Institute of Pathology, Medical Faculty, Ludwig-Maximilians-University, Thalkirchner Str. 36, 80337, Munich, Germany.
Department of Medicine III, University Hospital, LMU Munich, Munich, Germany.
J Cancer Res Clin Oncol. 2018 Nov;144(11):2161-2166. doi: 10.1007/s00432-018-2746-x. Epub 2018 Sep 7.
Pancreatic ductal adenocarcinoma (PDAC) is a devastating disease, lacking relevant prognostic and predictive biomarkers. DNA polymerase epsilon (POLE) has important functions in the maintenance of genetic stability during DNA replication and has previously been associated with favorable prognosis in endometrial and colorectal cancer. However, its relevance in advanced pancreatic cancer (aPDAC) has not been examined to date.

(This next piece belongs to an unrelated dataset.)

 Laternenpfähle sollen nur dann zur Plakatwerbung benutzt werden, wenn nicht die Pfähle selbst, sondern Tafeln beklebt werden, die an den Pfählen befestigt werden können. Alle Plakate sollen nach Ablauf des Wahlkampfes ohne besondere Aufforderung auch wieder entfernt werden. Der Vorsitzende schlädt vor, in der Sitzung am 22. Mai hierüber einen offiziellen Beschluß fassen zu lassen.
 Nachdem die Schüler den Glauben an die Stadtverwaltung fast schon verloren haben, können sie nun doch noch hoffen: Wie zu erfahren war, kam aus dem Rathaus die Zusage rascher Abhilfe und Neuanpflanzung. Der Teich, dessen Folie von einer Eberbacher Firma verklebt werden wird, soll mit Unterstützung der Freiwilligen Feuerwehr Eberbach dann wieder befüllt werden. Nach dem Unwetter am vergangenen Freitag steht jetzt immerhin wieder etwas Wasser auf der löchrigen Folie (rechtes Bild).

Using pyrosequencing on tumoral DNA extracted from 60 samples from the AIO-PK0104 study as well as 55 samples from completed translational trials, we examined POLE hotspot mutations in exon 9 (P286R) and exon 13 (V411R/L/M) in the POLE gene exonuclease domain. DNA extracted from 37 endometrial carcinomas were tested as positive controls. Publically available sequencing databases were searched for POLE mutations in PDAC samples.

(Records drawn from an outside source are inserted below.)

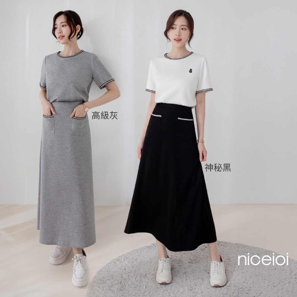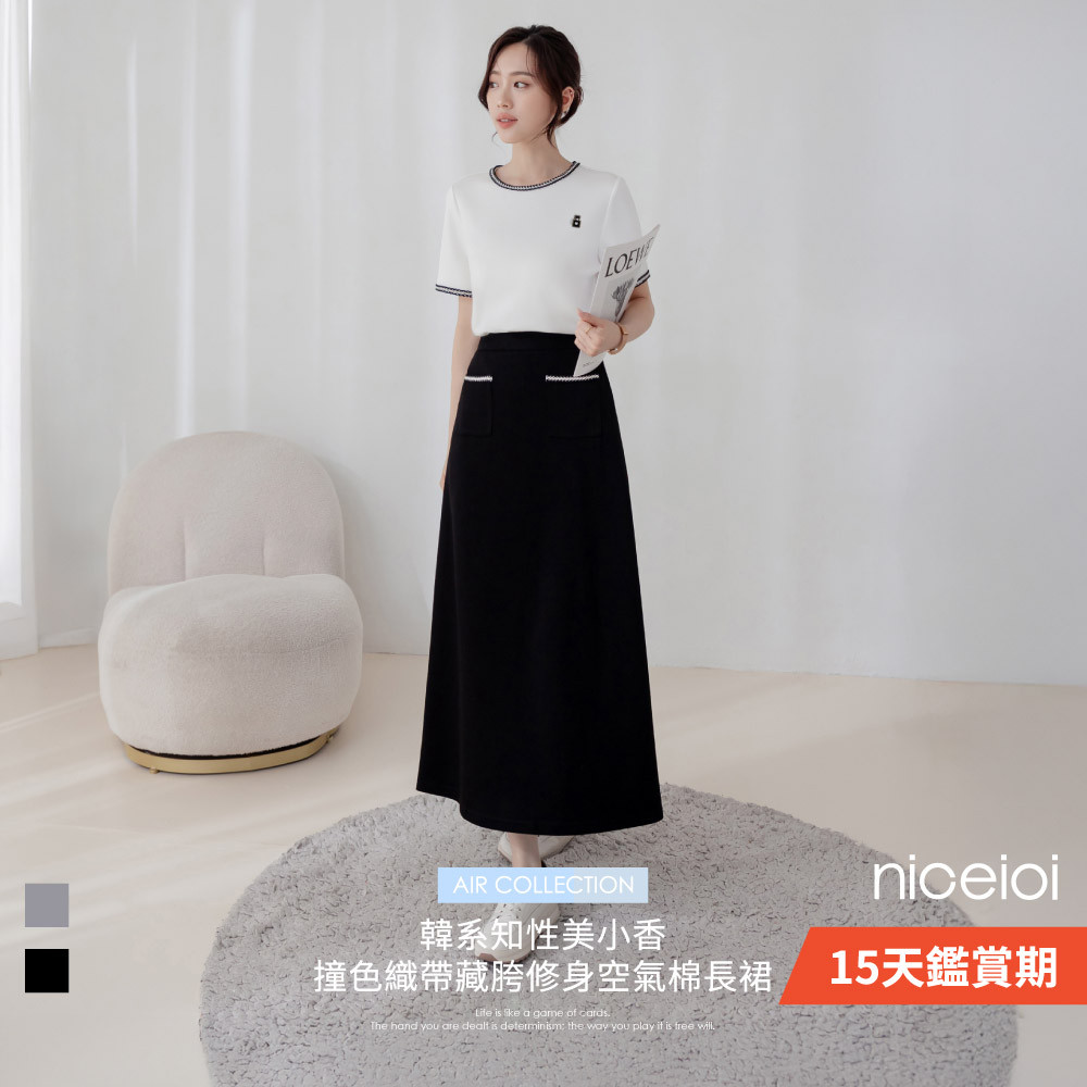 niceioi a字裙 長裙 黑色長裙 黑色 [韓系知性美小香撞色織帶藏胯修身空氣棉長裙] S-XL 超值推薦 女裝小香風a字裙-黑,M|小香風a字裙-淺灰,S|小香風a字裙-淺灰,M|小香風a字裙-淺灰,L|小香風a字裙-黑,L|小香風a字裙-黑,XL|小香風a字裙-淺灰,XL|小香風a字裙-黑,Sniceioi 官方旗艦店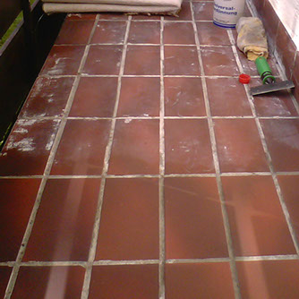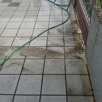 Verschmutzte Fliesen (oben) und gereinigte Fläche (unten)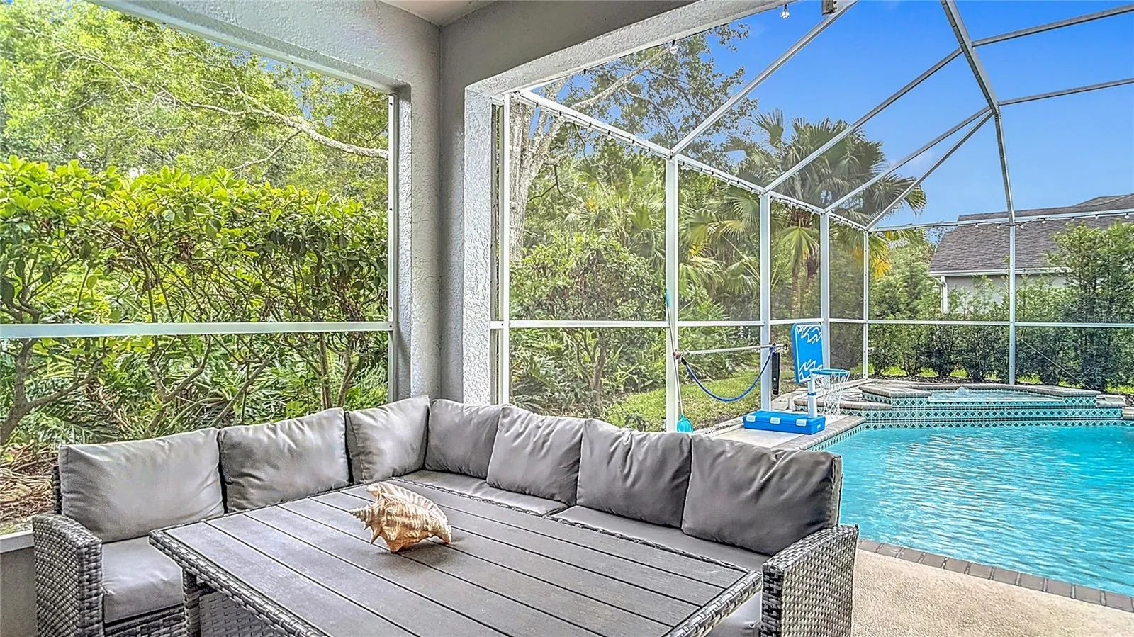 shelving, and a custom bookcase—perfect for remote work or study. Enjoy Florida living at its finest in the stunning outdoor space featuring a
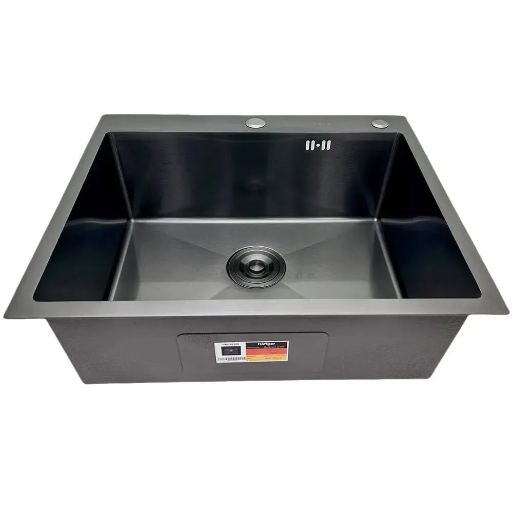 Мойка для кухни HOFFGER 6045 BLACK. Многофункциональная кухонная мойка Hoffger HFG-6045B Black чёрный графит, с двумя отверстиями под смеситель и дозатор.Изготовлена из высококачественной нержавеющей стали AISI304 с PVD покрытием, которое придает изделию особую прочность и коррозионную устойчивость. Цвет графит при ярком освещении темно-серый, при приглушенном приближенно черный. Толщина борта мойки 3 мм, толщина чаши 1 мм. Мойка имеет закруглённые внутренние углы и дно с небольшим уклоном, чтобы вода не застаивалась в чаше - эти свойства облегчают дальнейший уход за ней. Имеет шумоизолирующее покрытие и накладки с обратной стороны, которые делают мойку тихой при эксплуатации. Монтаж врезной над столешницей, накладная. Устанавливается на силикон или жидкие гвозди, прижимается собственным весом, крепежи в комплект не входят.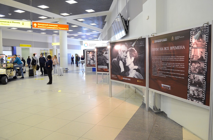 В арт-галерее терминала «E» пассажирам предлагают познакомиться с коллекцией из 14 уникальных фотокадров. В подборку вошли кинокартины: «В бой идут одни старики» Леонида Быкова, «Они сражались за Родину» Сергея Бондарчука, «Баллада о солдате» Григория Чухрая, «А зори здесь тихие…» Станислава Ростоцкого, «Семнадцать мгновений весны» Татьяны Лиозновой, «Сын полка» Василия Пронина, «Двадцать дней без войны» Алексея Германа, «Живые и мертвые» Александра Столпера и другие.

Fifty-three patients (pts) were men, 62 pts were women, median age was 61.2 years. Median overall survival (OS) was 7.4 months and median progression free survival (PFS) was 4.0 months. In four of the 37 endometrial carcinomas POLE mutations were detected in exon 9 (10.8%) and none in exon 13. In none of the overall 115 aPDAC tumors POLE gene hotspot mutations could be detected.
Mutations in the hotspot regions of exon 9 and 13 of the POLE gene are very rare events in advanced pancreatic cancer. Thus, it is unlikely that POLE gene mutations contribute to genetic instability in the vast majority of aPDAC. POLE mutation does not serve as a relevant biomarker and should not be tested on a regular basis in PDAC.

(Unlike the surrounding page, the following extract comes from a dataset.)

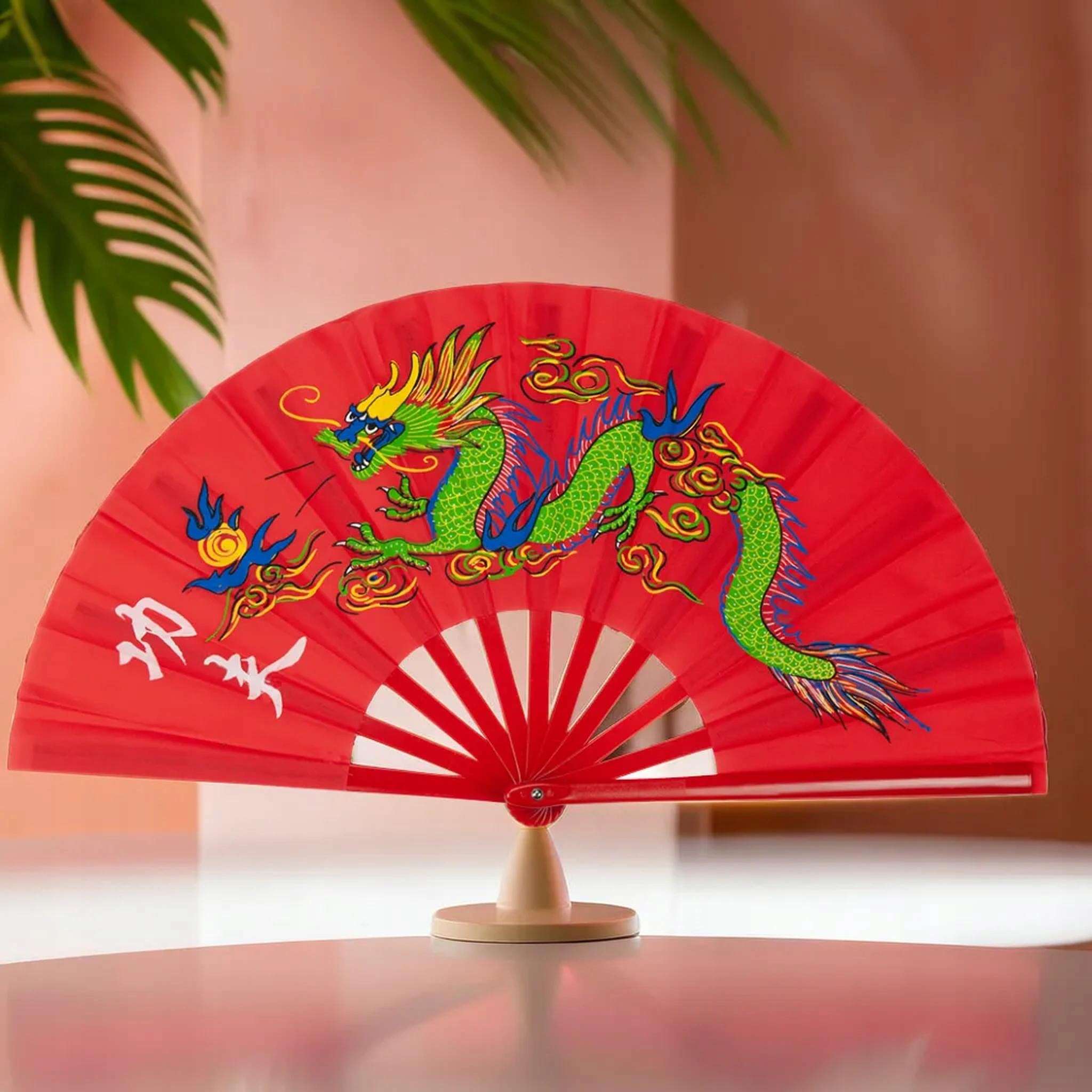 Откройте для себя наш большой красный складной веер, украшенный традиционным китайским мотивом дракона. Этот веер - не только практичный аксессуар для занятий спортом и танцами, но и декоративный элемент для праздников и праздников.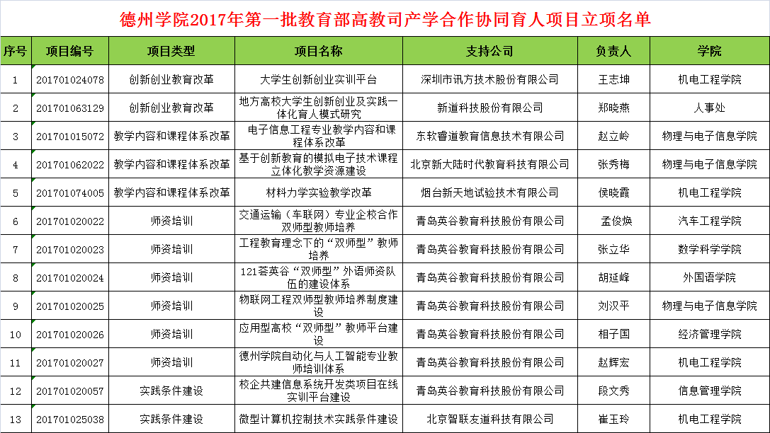 2017年第一批教育部高教司产学合作协同育人项目立项名单

胰腺导管腺癌(PDAC)是一种破坏性疾病,缺乏相关的预后和预测生物标志物。DNA 聚合酶 epsilon(POLE)在 DNA 复制过程中维持遗传稳定性方面具有重要功能,先前与子宫内膜癌和结直肠癌的良好预后相关。然而,迄今为止,其在晚期胰腺腺癌(aPDAC)中的相关性尚未得到检验。
使用焦磷酸测序技术对 AIO-PK0104 研究中 60 个样本的肿瘤 DNA 以及 55 个已完成的转化试验样本进行检测,我们在 POLE 基因外切酶结构域的exon 9(P286R)和 exon 13(V411R/L/M)中检测 POLE 热点突变。从 37 例子宫内膜癌中提取的 DNA 作为阳性对照进行检测。在 PDAC 样本中搜索公共可用的测序数据库中 POLE 突变。
53 名患者(pts)为男性,62 名患者为女性,中位年龄为 61.2 岁。中位总生存期(OS)为 7.4 个月,中位无进展生存期(PFS)为 4.0 个月。在 37 例子宫内膜癌中,有 4 例检测到 exon 9 中的 POLE 突变(10.8%),而 exon 13 中没有突变。在总共 115 例晚期胰腺腺癌肿瘤中均未检测到 POLE 基因热点突变。
POLE 基因 exon 9 和 13 热点区域的突变在晚期胰腺腺癌中非常罕见。因此,POLE 基因突变不太可能导致绝大多数 aPDAC 中的遗传不稳定性。POLE 突变不能作为相关的生物标志物,不应在 PDAC 中常规进行检测。